# Master Fuzz tone pot



## Nostradoomus (Oct 21, 2019)

Instead of the basically useless fuzz adjust control and mildly useful two position switch, wire it up like so for a sweepable low pass kinda thing. I also threw an MPSA18 in Q5 for a bit of oomph on the output.

B50K
Lug 1 —> switch 3
Lug 2 —> Fuzz 2
Lug 3 —> switch 1


----------



## Nostradoomus (Oct 21, 2019)

Oh yeah and omit the top 100pf cap, it does nothing with this mod in place.


----------



## Chuck D. Bones (Oct 21, 2019)

Well done!  Good job figuring this out without the benefit of Build Docs.
Did you do this before drilling the box?


----------



## Nostradoomus (Oct 21, 2019)

Fortunately yes! Haha


----------



## Nostradoomus (Oct 21, 2019)

Quick n dirty clip of the sweep.

I really love this circuit! It cleans up ridiculously (like roll back to 7 and it’s a little gritty), the octave is very pronounced (I used 1n5817s all around again) and it nails that nasty FZ-2 sound with way less parts haha.


----------



## Chuck D. Bones (Oct 23, 2019)

What instrument did you use to make that sound?  A bass balalaika?


----------



## Nostradoomus (Oct 23, 2019)

Hahaha I wish!

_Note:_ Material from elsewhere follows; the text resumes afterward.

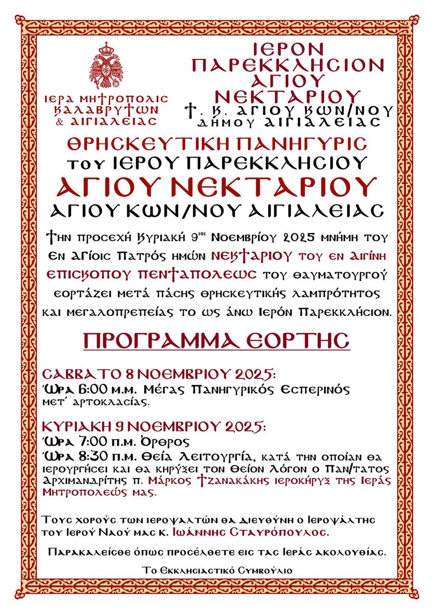 Θρησκευτική Πανήγυρη Ιερού Παρεκκλησίου Αγίου Νεκταρίου Αγίου Κων/νου Αιγιαλείας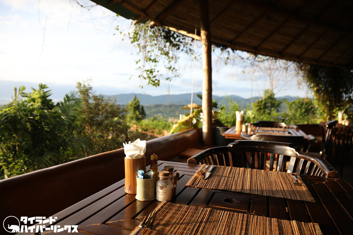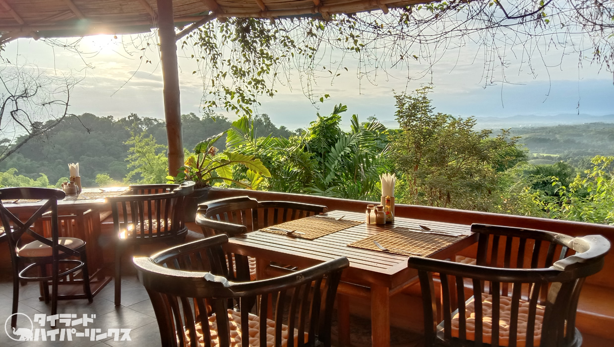 「プーチャイサイ」の朝食ブッフェは山から昇る朝日を浴びながら

It’s just a guitar tuned to caveman low.  ?‍♂️


----------



## Jovi Bon Kenobi (Oct 24, 2019)

It sounds incredible. I have 2 boards and will definitely be doing this to one, maybe both. Thanks for all you do here!


----------



## Nostradoomus (Oct 24, 2019)

Right back at ya!


----------



## chongmagic (Nov 21, 2019)

Awesome sounds great!


----------